Information supplied>
•••••
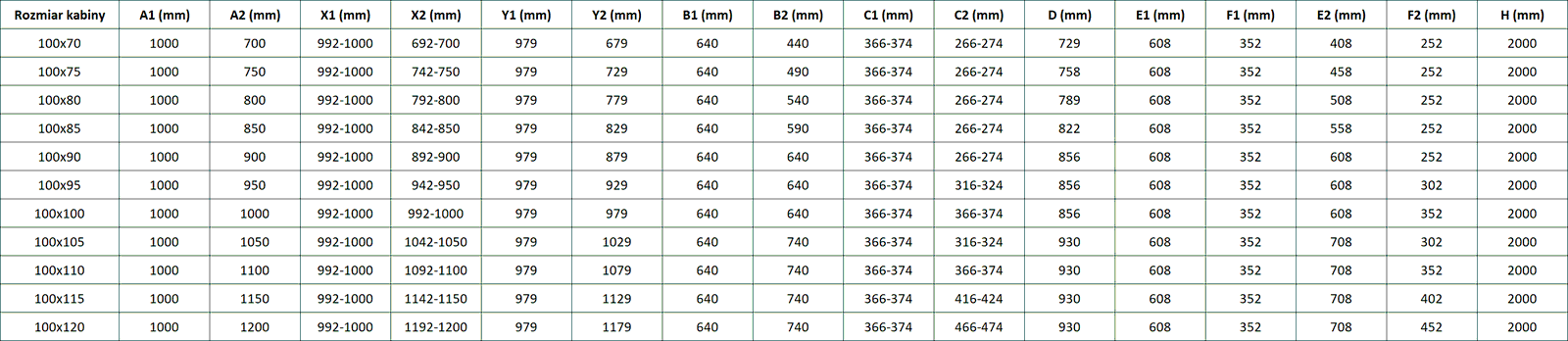 Size: 100x95 cm (right door 100 cm, left door 95 cm)
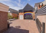 De voortuin is fleurig aangelegd met bloemen en planten, terwijl de achtertuin onderhoudsvriendelijk is aangelegd met bloembakken. De lange oprit biedt ruime parkeergelegenheid en leidt naar de grote schuur en kantoorruimte, perfect voor werk aan huis of hobby’s.
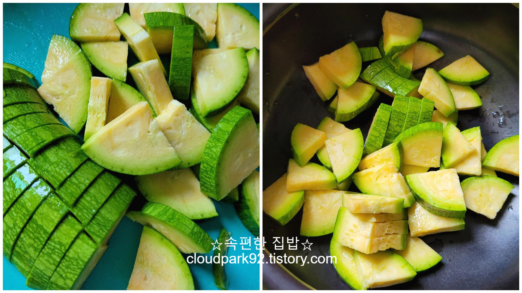 애호박과 비슷한 크기나 조금 큰 모양으로 잘라 주면 됩니다.
•••••
Exercise aim> Pictures aside, print every line of the material exactly.

Solution for this exercise>
 Size: 100x95 cm (right door 100 cm, left door 95 cm)
 De voortuin is fleurig aangelegd met bloemen en planten, terwijl de achtertuin onderhoudsvriendelijk is aangelegd met bloembakken. De lange oprit biedt ruime parkeergelegenheid en leidt naar de grote schuur en kantoorruimte, perfect voor werk aan huis of hobby’s.
 애호박과 비슷한 크기나 조금 큰 모양으로 잘라 주면 됩니다.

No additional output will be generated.